In order to increase and maintain gender and ethnic diversity within the STEM professoriate, the “guru mentor model” should be scrapped and replaced with a more thoughtful approach to the specific needs that new STEM faculty members have as they seek to launch their careers.
That was one of the key recommendations made Wednesday at a panel discussion that focused on what it takes to attract and keep more ethnic minorities and women in STEM faculty positions in order to break the cycle of the lack of role models from the same backgrounds as students who aspire to become professors.
“The biggest problem of all is that we somehow imagine that people can only be mentored in their specific field,” said Kerry Ann Rockquemore, president and CEO of the National Center for Faculty Development & Diversity.
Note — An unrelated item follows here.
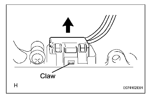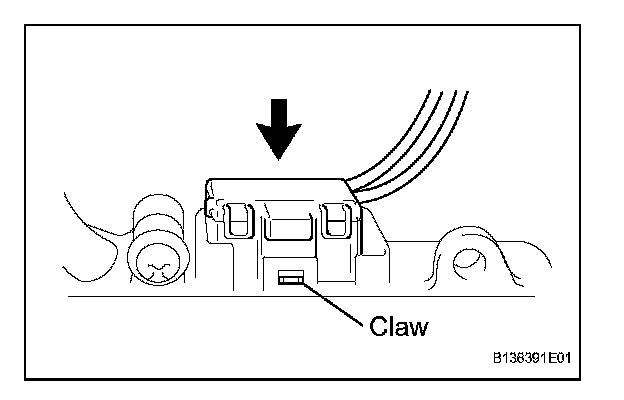c. Attach the claw and disconnect the connector, and then install the headlight light control ECU.
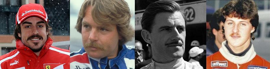 Or rather, on face. Yes, facial hair is back in the picture, but this time around it’s not just about who can grow the most disturbing moustache, or who can grow a full beard between practice sessions (which shall be covered). Movember is a chance for men (Mo bros) to grow a ‘tache and ‘groom, trim and wax their way into the annals of fine moustachery’. And it seems one of the most famous beholders of a ‘tache is partaking in the event, Nigel Mansell and the Mansell Jrs. are ‘taching up this Movember along with several other members of the grid.

“I think we need to fundamentally rethink mentoring, because ultimately this model that most people have in mind not only does it not work for most people most of the time, it’s not even what I would consider a healthy model because it’s a dependency model. People are going to one person over and over again to get their needs met.”
A better approach, Rockquemore said, would be to focus on people’s specific needs—whether it’s how to win an NIH grant, teach a larger class or establish one’s authority in a classroom where students are skeptical of their credentials because of prejudice against their background.
The best person to go to is one who has the particular expertise that a given faculty member needs at a given time.
“Whether you call them a mentor doesn’t matter,” Rockquemore said. “What matters is being surrounded by a wide network of people that you can talk with for advice.”
Rockquemore made her remarks at the American Institutes for Research in Washington, D.C., during a panel discussion titled “Breaking the Mold: Diversifying STEM Academia.”
Courtney Tanenbaum, Senior Researcher at AIR, said lack of diversity in STEM academia “sends cultural signals that constrain choices” and causes a dearth of role models and mentors and hinders new perspectives and approaches to research.
She presented statistics that show men are more likely than women—70 percent versus 65 percent—to secure a position upon earning a STEM Ph.D. and that minority women and mothers are even less likely to have secured a position, with only 59 percent having done so upon earning a STEM Ph.D.
Although women are more likely than men to start their careers in academia, there are also disparities between male and female STEM Ph.D.s who secure positions at research institutions—81 percent of men secured such positions versus 76 percent of women. Similarly, 75 percent of male Ph.D.s who were fathers secured positions at research institutions versus 70 percent of mothers. Tanenbaum said there is also a “low visibility” of female STEM Ph.D.s who go into non-academic careers working in Research and Development. Sixty-one percent of male STEM Ph.D.s secure such positions versus 46 percent of women.
Tanenbaum also presented statistics that show:
• Female STEM Ph.D. holders are less likely than male STEM Ph.D. holders to hold management positions in non-academic STEM careers. The percentage of men from various ethnic groups in management positions ranged from 42 percent for Blacks to 61 percent for Hispanics, but, for women, it ranged from a low of 25 percent for Hispanics to 34 percent for Blacks.
• Women and Blacks are more likely to leave STEM careers than other groups. Specifically, 19 percent of women leave STEM careers versus 16 percent of men; and 21 percent of Blacks leave STEM careers compared with 17 percent of Whites and 14 percent of Asians and Hispanics. Black women were the most likely of all groups to leave, which they did at a rate of 22 percent.
• STEM doctorates cost more for Blacks and Hispanics. Specifically, 25 and 14 percent of African-Americans and Hispanics, respectively, have more than $30,000 in debt for their doctorates in STEM versus just 10 percent of Whites and Asians.
Michael J. Feuer, Dean of the Graduate School of Education & Human Development, said that, although some of the gaps cited by Tanenbaum are small and suggest that efforts to diversify campuses are beginning to yield results, it’s important for institutions not to slip into a state of complacency.
“Even if the differences are really small and they seem manageable and it seems like we’ve made progress, that should embolden us to keep working on it, not say: ‘Problem solved,’” Feuer said.
Feuer said diversity in department-based efforts must be achieved in different ways. He said it’s better to have faculty collaborate on a particular problem instead of trying to get members of various groups together.
Rockquemore said faculty who are members of underrepresented groups face additional pressures in their careers when they are constantly asked to represent their particular group on one or another committee.
“Their time is pressured because they’re getting all of these things coming at them from so many different places, and that time crunch then results in building pressures around the type of scholarly reputation, the type of work that is needed to get tenure,” she said. “If we take serious this idea that women and faculty of color have this additional set of pressures, how do we put meaningful things in place that help people work at their highest potential,” Rockquemore said.